Multiscale interaction between monsoonal circulation and the local topography causes the southern front of the Darjeeling–Bhutan Himalaya to receive one of the highest annual rainfalls (3000–6000 mm) and most frequent heavy rains (up to 800 mm day−1) along the whole southern Himalayan margin. An examination of the patterns of annual rainfall, rainfall concentration, overland flow generation and slope instability indices in the Darjeeling–Bhutan Himalaya for 1986–2015 indicates that the mountain front disturbs rainfall gradient between the Bay of Bengal and the Tibetan Plateau. The results show that the precipitation concentration indices are lowest at the Himalayan front where the annual rainfall and the number of rainy days are highest. The Himalayan front has the highest predisposition to produce overland flow compared to adjacent foreland and the mountain interior. The average probability of the rainfall initialising the shallow landslides increases from 0.6% for a 1-day rainfall threshold of 144 mm to 6.1% for a 4-day rainfall threshold of 193 mm in the study area.

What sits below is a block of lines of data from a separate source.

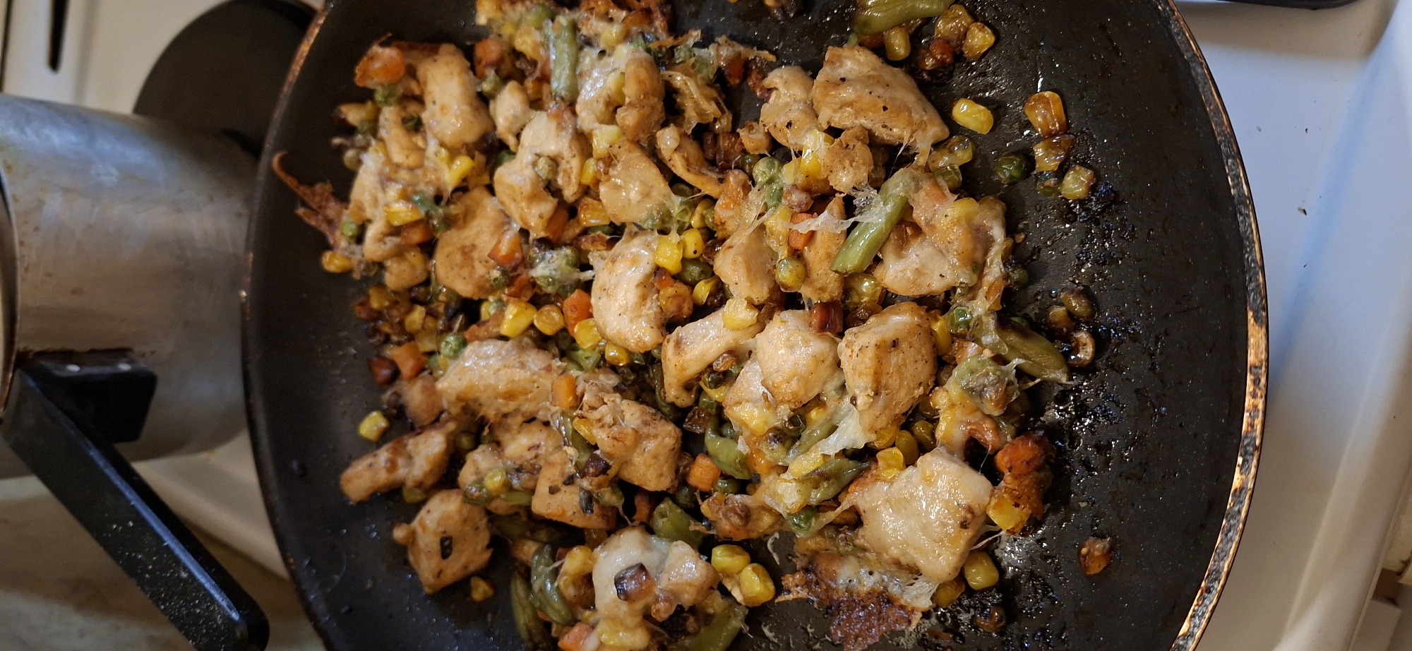 A skillet sits on a stovetop. The skillet contains cooked chicken pieces, corn, green beans, and other diced vegetables. A metal pot is also visible on the stovetop. The scene is indoors. Location is unknown and not specified in the provided context.
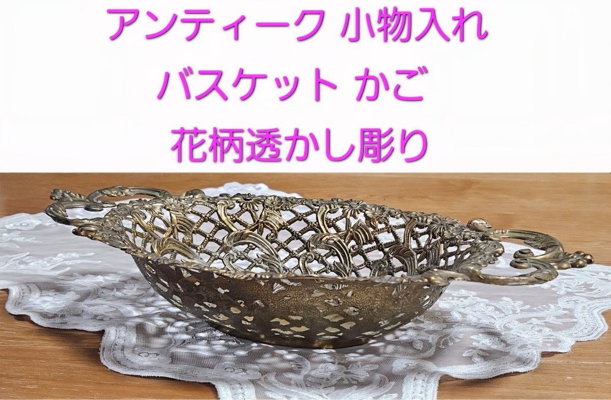 - アンティーク 真鍮 小物入れ バスケット かご 花柄透かし彫刻
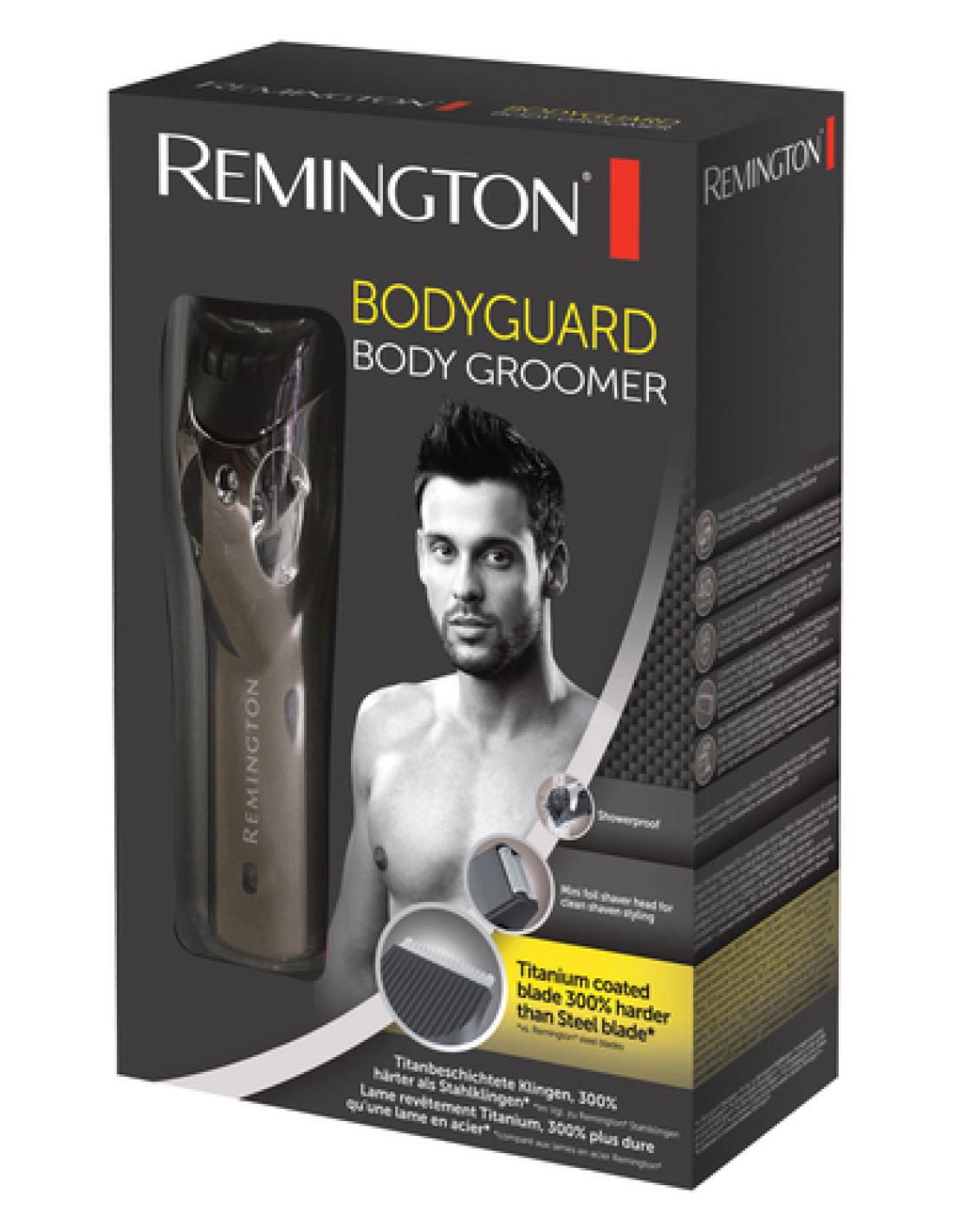 El recortador para el vello corporal Bodyguard dispone de un peine extraíble que permite variar la longitud, además de una cuchilla Comfort Tip para piel sensible, que ayuda a evitar cortes y arañazos. Se puede utilizar hasta 40 minutos sin cable. • Cuchillas con revestimiento de titanio

The highest probability (up to 10%) of 2-day and longer low-intensity storms at the mountain front indicate that its area is threatened with particularly larger and deeper landslides. The multivariate regression analysis reveals statistically significant linear relationships of rainfall hazard indices with elevation and the distance to the mountain front in the mountain foreland and Himalaya, respectively. Regionally, the Darjeeling Himalaya reveals lower values of rainfall hazard indices, in comparison to the Bhutan Himalaya.

Suggested Citation

  • Paweł Prokop & Adam Walanus, 2017. "Impact of the Darjeeling–Bhutan Himalayan front on rainfall hazard pattern," Natural Hazards: Journal of the International Society for the Prevention and Mitigation of Natural Hazards, Springer;International Society for the Prevention and Mitigation of Natural Hazards, vol. 89(1), pages 387-404, October.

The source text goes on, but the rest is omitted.